会社では教えてくれない新社会人が知っておくべき働くルール
新年度が始まり、新入社員は、研修や日々の業務で勉強漬けの毎日だろう。乾いたスポンジのようにいろいろなものを吸収し、社会人としての最初のステップをもがきながら上っているに違いない。学ぶことばかりの大事な時期だが、会社ではあまり教えられない大事なこともある。「働くルール」についてだ。
「働くルール」とは、社会人のマナーではない。働く人を守るための法律、つまり「労働法」だ。働く人が、生きがいややりがいをもって働くことができるよう、つくられた法律だ。知らなければいい仕事ができない、というワケではない。
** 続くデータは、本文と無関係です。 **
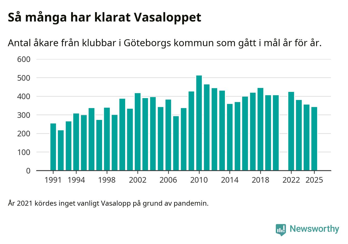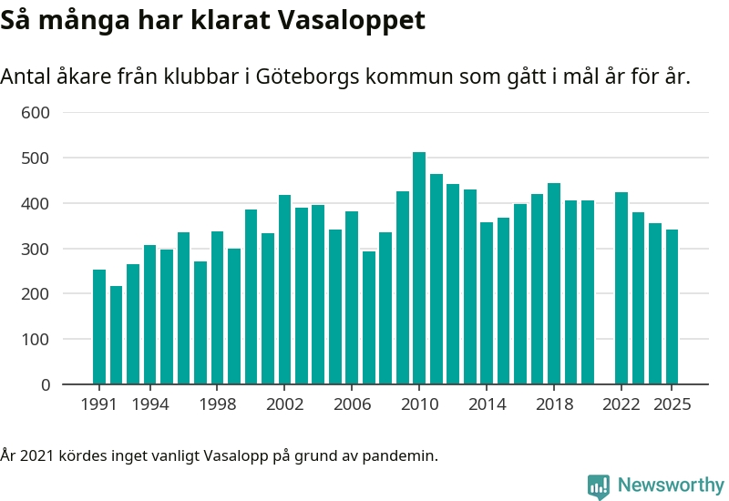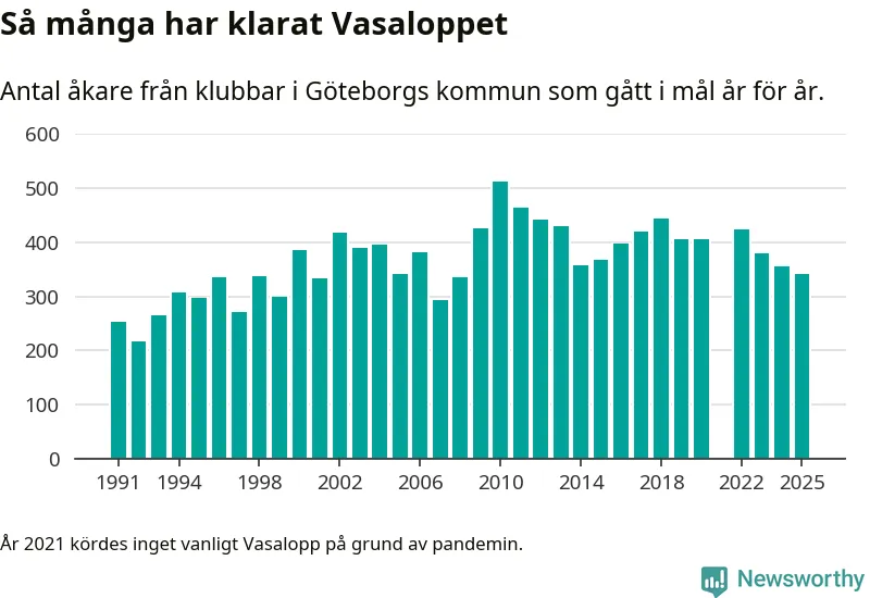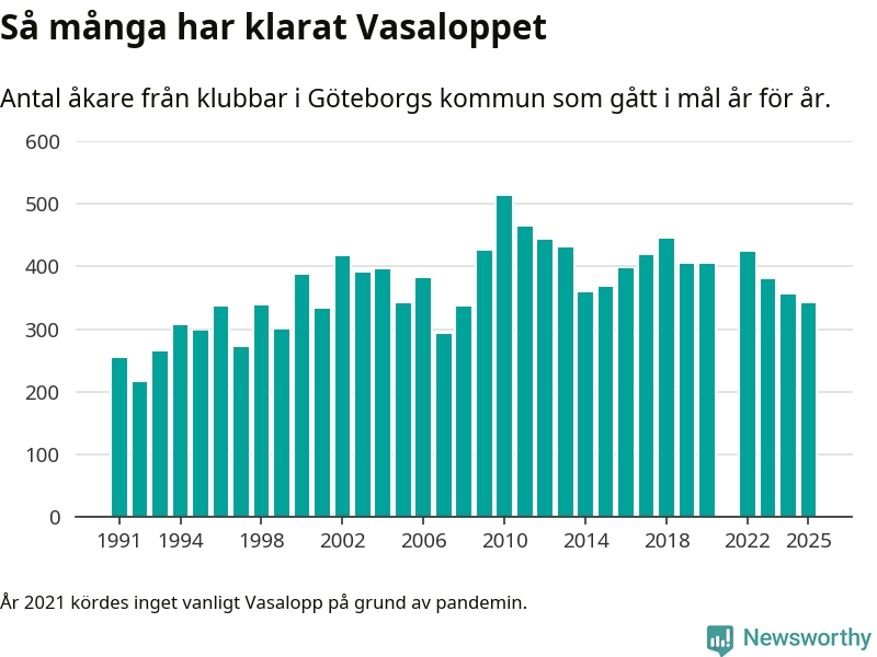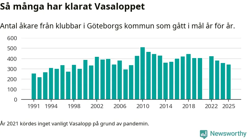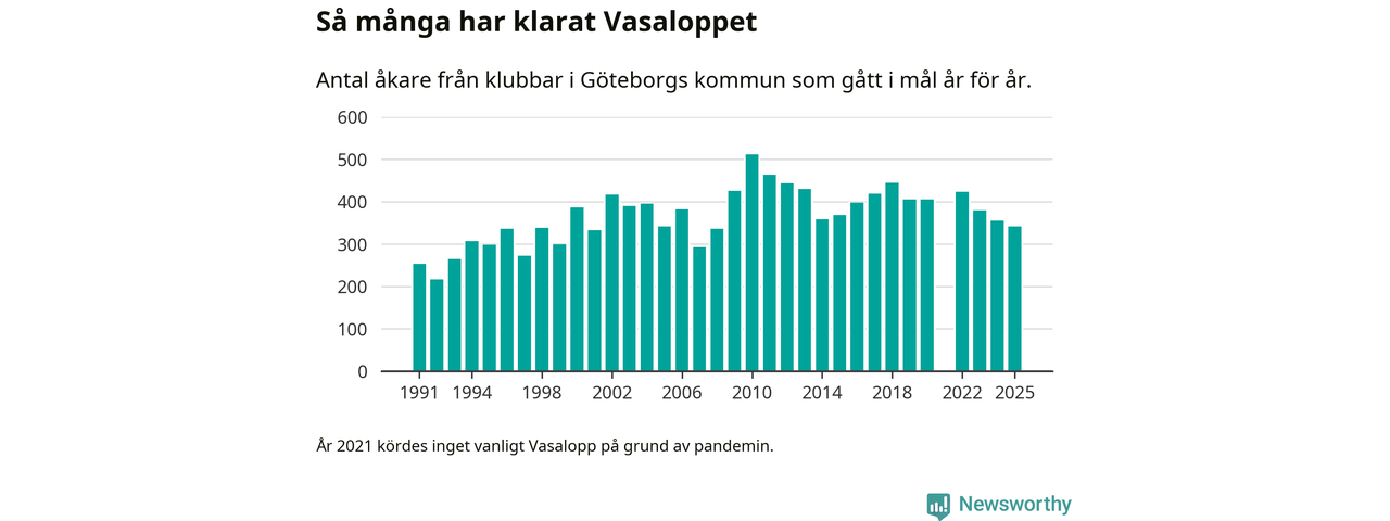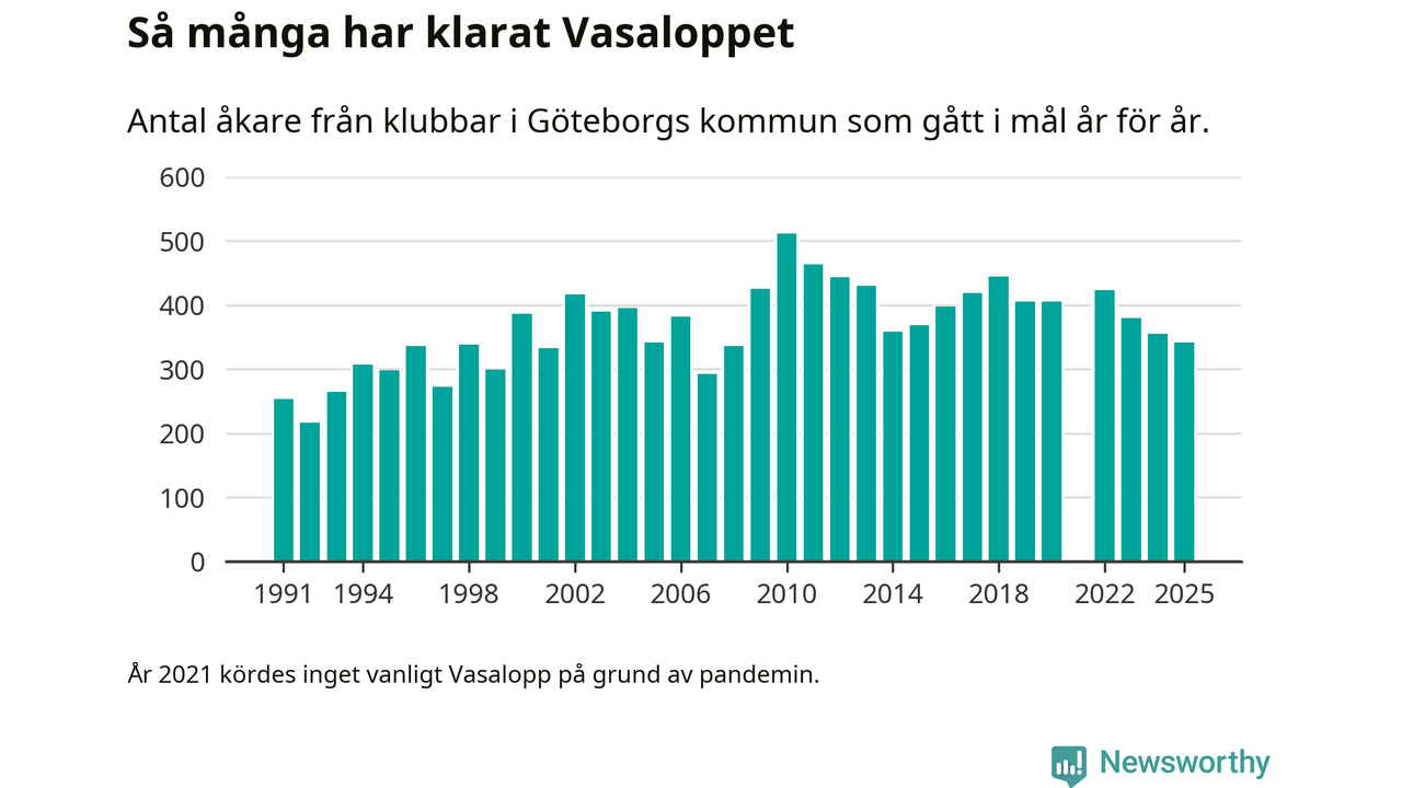 På söndag går starten för det 102:a Vasaloppet. Newsworthy har samlat in och sammanställt samtliga Vasaloppsresultat sedan 1991. Det ger en unik bild av hur skidåkare från klubbar i Göteborgs kommun har klarat sig genom åren.

だが、社会人として当然、疑問に思うべきことなどについて、センサーが働きづらくなるので、社会人の基礎知識として知っておいた方がいい。
では、あなたはどれくらい知識があるのか。まずは以下の質問に答えて欲しい。「正当」か「不当」か…。
(1)「ライブに行きたいから有休を取得します」と申請したら「ダメです」と言われた
(2)「景気が悪いので」という理由で急に給料を下げられた
(3)ミスが原因で「明日から来なくていい」と言われた
答えはいずれも「不当」。(1)有給休暇は、利用目的を問われることなく取得が可能。(2)会社は、労働者と交わした労働契約を労働者の同意なく不利益に変更することは原則できない。(3)解雇については、社会の常識にかなう納得できる理由が必要となる。
多くの人が正解したかもしれない。しかし、大事なことは、「常識的にそうでしょ」という感覚的な判断でなく、労働法という法律に基づいている点を理解しているか否かだ。つまり、そうした法を平気で破る様な会社なら、発展する見込みもなく、雇われる側としての企業選びの的確な判断材料にもなるからだ。「なんかおかしい」ではない、明確な根拠。それを押さえておくことは、会社との強い絆を構築し、気持ちよく働く上でも非常に重要だ。
勘違いしてはいけないのは、こうした知識を盾に、何でも「不当だ」と企業にかみつけばいいというワケではないということだ。状況によっては、「仕方がない」と思える事態もあるだろう。そうしたことも含め、労働者が、企業と真の信頼関係を築く上でも、こうした知識は常識として知っておく必要がある。本来、研修で教えてもいい内容といえるが、そこは大人の事情を汲んで、労働者の義務として自身でしっかりと学んでおこう。
厚労省から、マンガで簡単に分かる小冊子が発刊されているので、ダウンロードして、読んでおくといいだろう。